La vida,
si de algo, se ha de sostener de intuiciones incompletas. Un universo mundo tan
amplio y vasto como el que habito, ensanchado por las ficciones, realidades
virtuales y fantasías que dentro y fuera de mí se ocupan de enturbiar las aguas
–aunque desde el principio el Espíritu de Dios revoloteaba sobre ellas–, se
quedó corto con su dosis de respuestas que en otro tiempo tuvieron los hombres
y las mujeres con diversas ideas, ciencias o religiones. Cada uno de quienes
cohabitan este planeta en este tiempo tiene preguntas sobre sí, sobre el otro y
sobre lo Otro. Ojeando textos de filosofía miro con estupor las multitudes de
inquietudes las que nos enfrentan al miedo –y sobre todo al deseo– de vivir y
convivir entre prisas de todo, excesos de consumo, ofertas al por mayor de
experiencias novedosas que resultan después de todo insignificantes y unos
abismos mayúsculos distanciando a unos de otros.
Según el
gran teólogo Karl Rahner, SJ y otros tantos interesados por el ser humano,
buscamos conocer las cosas no solamente en sí mismas, sino en aquello que las
hace ser y relacionarse.

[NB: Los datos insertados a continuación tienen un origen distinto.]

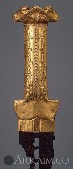 Рукоять акинака, железо, золото, 14.9; 5,5 см , 5 в. до н.э. Чертомлык Барроу, возле Никопольского. Источник поступления в музей: Императорской Археологической комиссии, Санкт-Петербурге.

La búsqueda de respuestas ante la inquietante
existencia es pues, una búsqueda siempre de origen, pero también de sentido.
Probablemente sea ésta la mejor definición de espiritualidad. Pero el sentido
es algo misterioso a la vez que evidente, personal a la vez que común y acompasado.
Las grietas personales son compartidas pero insólitas al mismo tiempo. Ser
individuo y ser comunidad puede ser una dicotomía infranqueable para algunas
ideologías económicas y políticas, pero no necesariamente para las búsquedas
espirituales: ahí donde me siento más único y especial es donde soy común al
otro. El sentido de existir va, en mi caso y siguiendo estas ideas, en ir
alcanzando una autenticidad que es reconocidamente similar a la del prójimo.
Pero esta
es solamente una intuición y, como tal, es elusiva, inefable, escurridiza a la
vez que simple y poco sorprendente porque no precisa de mucha ciencia y
entendimiento para hacerse presente. Mientras pasan los años en que transcurre
la existencia, uno se halla con experiencias fundamentales que provocan en las
entrañas el surgimiento de certezas flacas y dudosas. La belleza abrasa. En ellas,
la unión del amor claro y fructífero se tiene por única fuente y horizonte, se
abren los cielos y se tiene una sensación de que una cuerda se une por los
extremos y no hay división y no hay duda ni la posibilidad de ella: estamos
vivos, nuestro interior se conmueve y queremos estar vivos, aunque sepamos que
de la muerte y otras desgracias eventuales no escaparemos por ningún motivo.